A própria política externa vai depender de
alguns temas que enriqueçam nossa clássica posição pela paz. De novo o meio
ambiente pode ser a chave para reduzir o grande desgaste internacional
produzido por Bolsonaro. Uma clara posição sobre o aquecimento global e o papel
do Brasil pode nos recolocar com mais rapidez numa posição compatível com nossa
história e importância.
Estamos atravessando uma pandemia, perto do
fim, creio, e o papel do SUS foi muito valorizado, pois, sem ele, o impacto
seria mais devastador. Mesmo assim, a classificação científica de grupo de
risco por idade não foi a única referência. Os dados mostram que os mais pobres
sofreram mais e é razoável afirmar que a ideia de grupo de risco deve ser
avaliada também pelo nível de renda.
O Instituto Butantan e a Fundação Oswaldo
Cruz se tornaram duas instituições populares, referências nas nossas esperanças
de imunização. Elas são apenas a ponta do iceberg científico que o governo
Bolsonaro manteve submerso.
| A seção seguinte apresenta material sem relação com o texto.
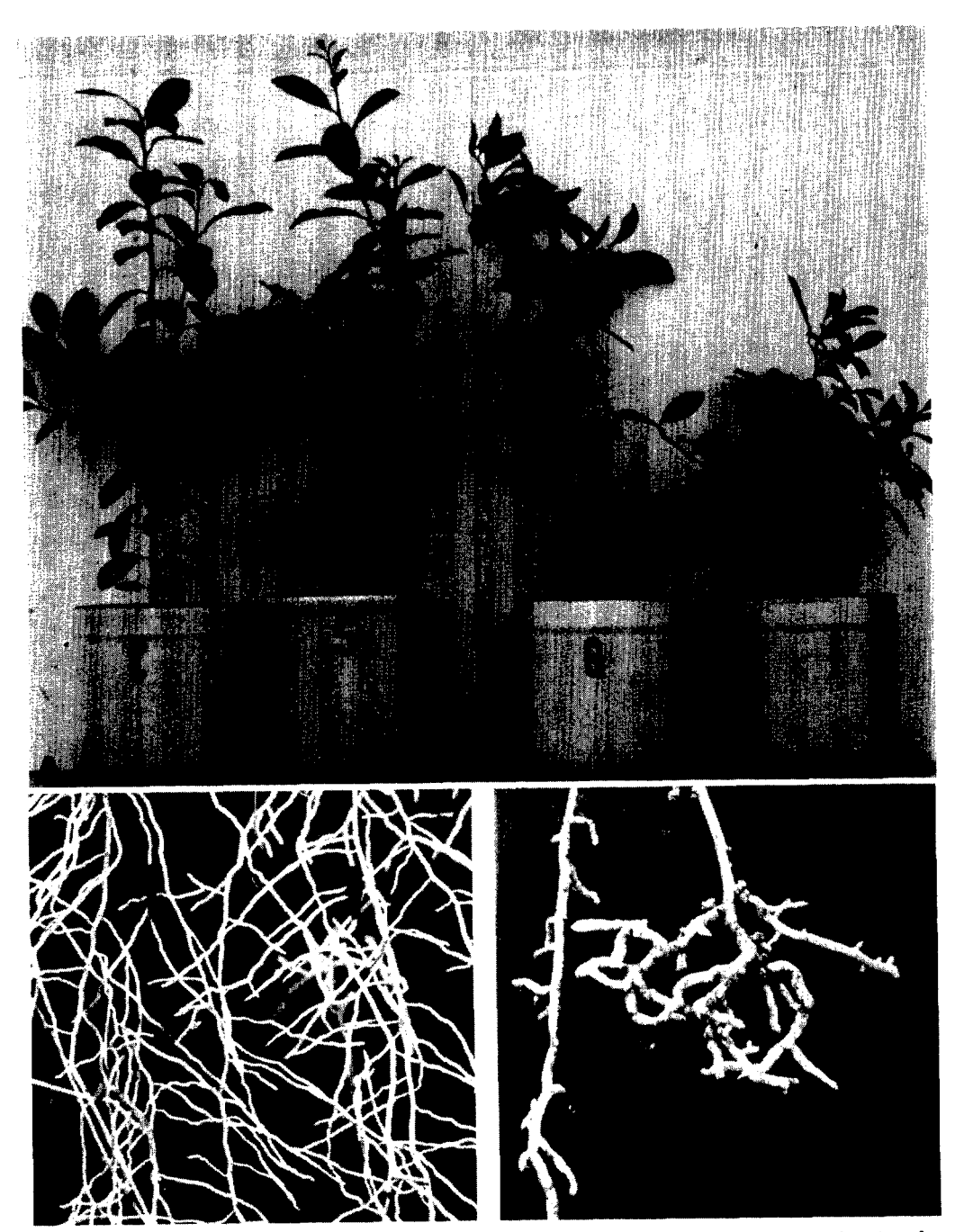
Fig. 1. Rough lemon plants and roots, healthy and inoculated with Belonolaimus longicaudatus . A. Comparison between representative plants inoculated with Sanford (S), Gainesville (G), and Fuller's Crossing (F) populations of B. longicaudatus and the non-inoculated check plants (C) fourteen months after inoculation. B. Roots of non-infested plants. C. Roots of plants inoculated with the Fuller's Crossing population.
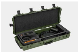
Sensor set VXB3.1 Item No. 2902590201
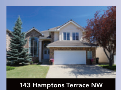
5 Bdrms + Den, on Golf Course $1,289,900
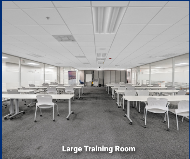
Large Training Room
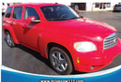
2009 CHEVROLET HHR LT1 Great Utility Vehicle ONLY $149*/MONTH
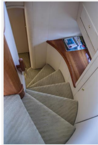
Lower cabin stairs
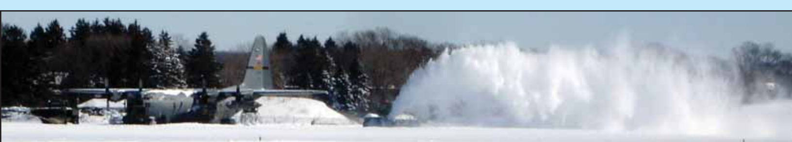
A C-130 demonstrates that it can add snowblower to its' long list of capabilities.

This experience shows the high degree of professionalism and expertise that lives in the 96 AS. We also want to take a moment to say thanks to our maintainers, aerial porters, and Services people who assisted in this effort. The extra effort on your part paid huge dividends that will continue to showcase this Wing as the leader in AFRC.
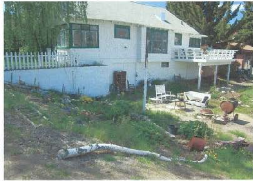
1033 W. Mercury (Before)
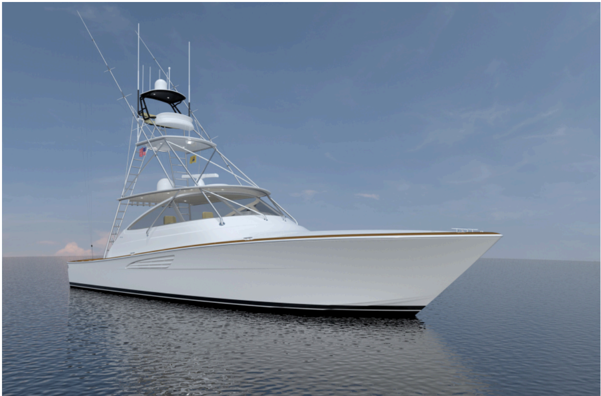
2023 Viking 54 Open Rendering

Instituições como o Instituto Nacional de Pesquisas
Espaciais (Inpe), o Instituto Brasileiro de Geografia e Estatística (IBGE),
todos os instrumentos que nos permitem conhecer melhor nossa realidade foram
torpedeados pelo poder. As pesquisas minguaram, os cérebros deixaram o País.
A cultura tornou-se um campo de guerra. Não
foi possível financiar um festival de jazz, porque Miles Davis, por exemplo,
não canta a glória de
Deus. Esse é um campo que, recuperado por
uma economia de paz, também responde por algum impulso no crescimento.
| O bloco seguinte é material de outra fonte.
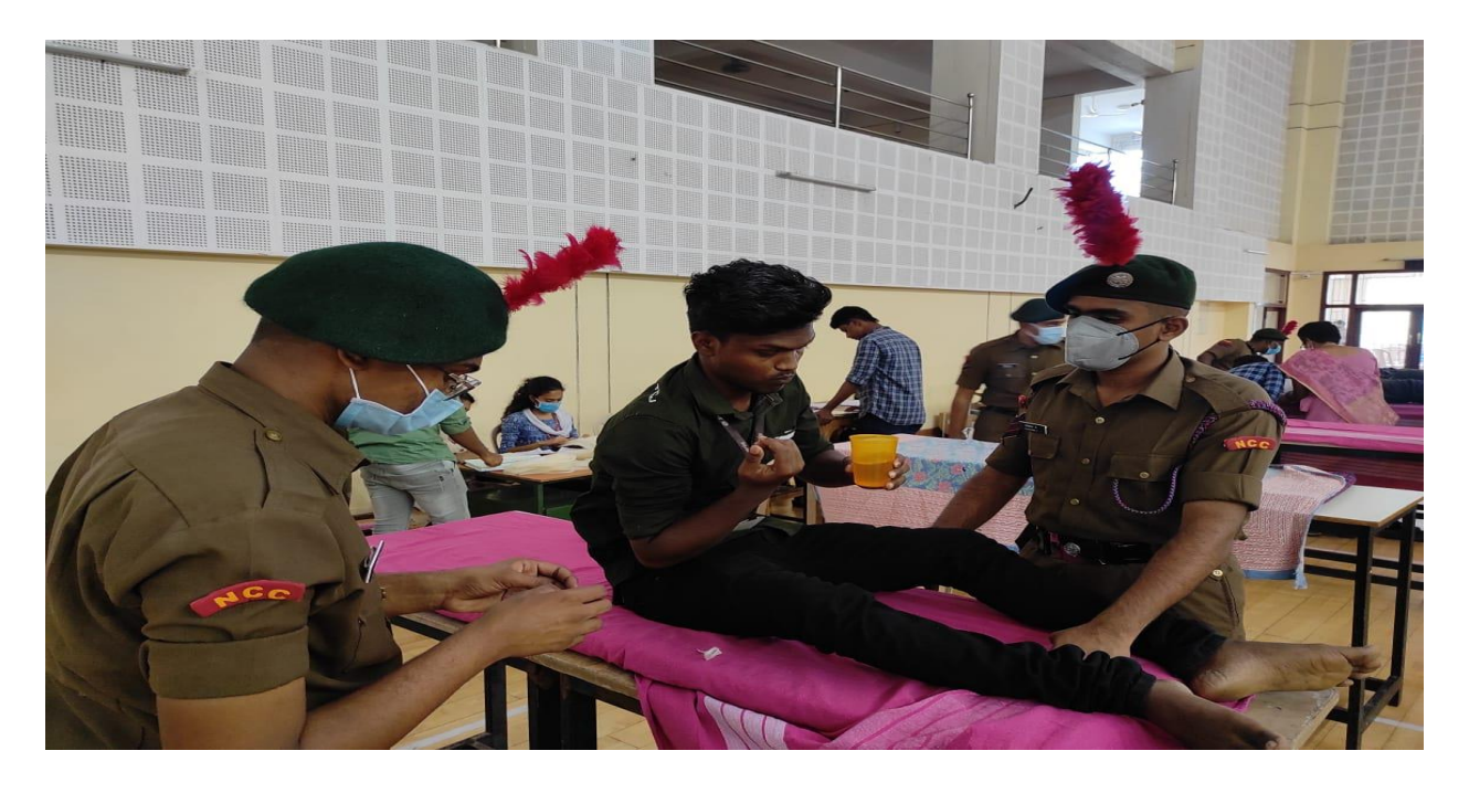
Figure 4. NCC Army Wing cadets providing medical assistance to the students
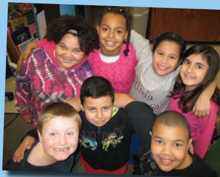
Students at Elliott Elementary School love their Impact Reading Center volunteers!
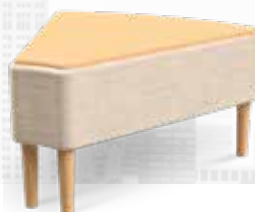
RS-45-SPN-LT 45-DEGREE WEDGE SPANNER WITH LAMINATE TOP 29" W X 30" D X 16.5" H
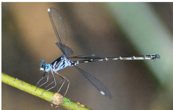
Figure 14. Podolestes orientalis Selys, 1862.
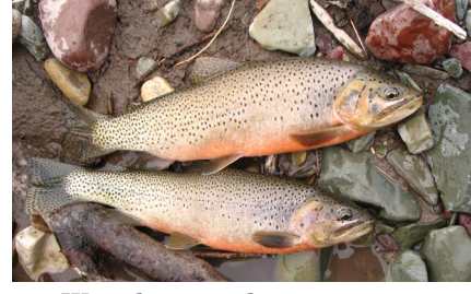
Westslope cutthroat trout

In fiscal year 2010, approximately 870,000 fish were distributed into 80 Tribal and State managed waters. As a result of Creston NFH's stocking efforts, annual economic benefits weigh-in at over 156,000 angler days valued at over $6.69 million! Nearly a hundred jobs are supported as a ripple effect of the hatcheries fish production, with job income exceeding $3 million.
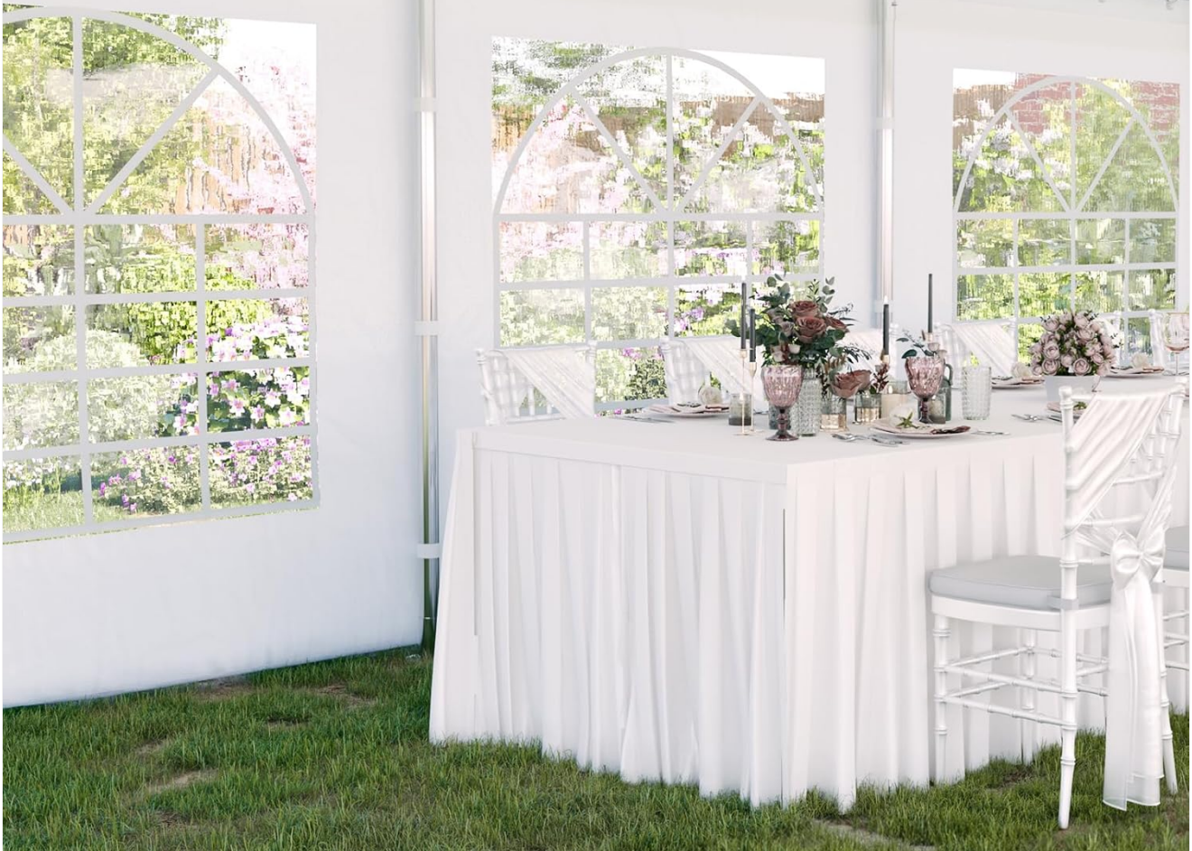
Image: Interior view highlighting the elegant church-style windows on the sidewalls, designed to offer scenic views.

Não tenho a intenção de entrar em detalhes,
pois o espaço é limitado. O que me parece claro é que grande parte das
interrogações programáticas tem resposta na própria sociedade.
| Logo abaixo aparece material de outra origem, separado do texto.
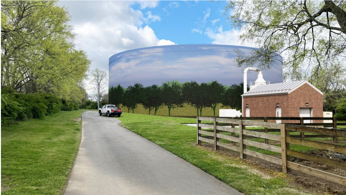
View from Greenway

Partially Buried Option – Sidewall 35 ft above grade on Concord Road Side
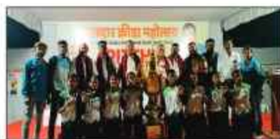
Khasdar Krida Mohotsav Pittu Tournament Women Secured Second Place on dated 27 January 2025
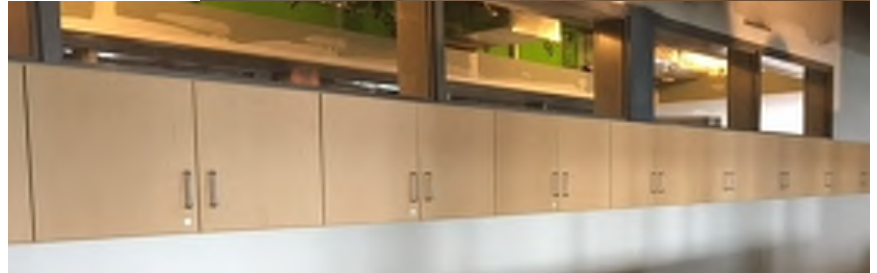
Casework installation begins in the 2B Collaboration Area
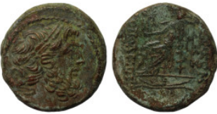
658 Greek. Bronze Æ. 27mm15.89g
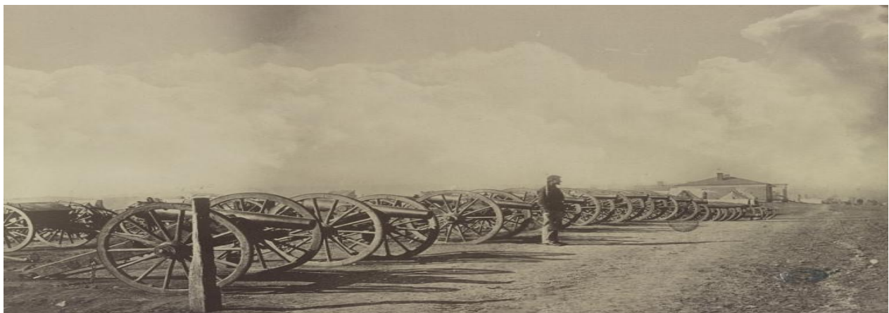
Captured Confederate Artillery from Missionary Ridge
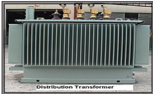
A Distribution Transformer by MTM
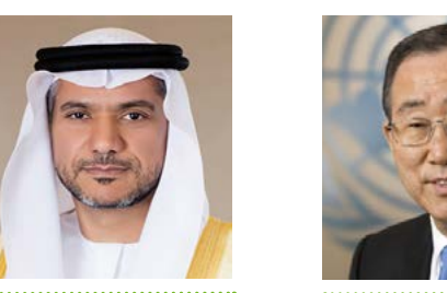
HE Ban Ki-moon Former Secretary-General, United Nations
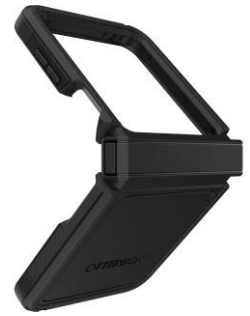
Black 77-94064 (Retail) 840304744732
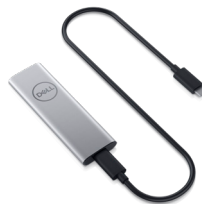
DELL PORTABLE SSD, USB-C 250GB

Protect your notebook and accessories with this lightweight backpack that is made with shock-absorbing EVA foam and Dell's EcoLoop™ solution dyeing process.

Moratória no desmatamento da Amazônia? Não
é preciso procurar longe. As próprias entidades que atuam lá se reuniram e
traçaram um programa completo que prevê até o congelamento das contas dos
principais desmatadores.
Tudo isso reforça a ideia de que discussões
programáticas são importantes porque, apesar da importância do ódio nas
campanhas eleitorais, as ideias sobrevivem como um farol a distância, no meio
de uma batalha naval.
Um aspecto singular do debate é que pode
envolver todos os candidatos menos um, o que se propõe à reeleição. O que pode
dizer da economia, se falhou? Seu ministro da Economia começou como um talismã
e terminou como um estorvo.
O que pode dizer sobre cultura, além de
sacar a arma? O que pode dizer do meio ambiente se, insatisfeito com a
destruição na superfície, prepara-se para entrar nas cavernas, para arruiná-las
também?
Sem ele o futuro não é necessariamente
brilhante. Com ele o futuro não existe.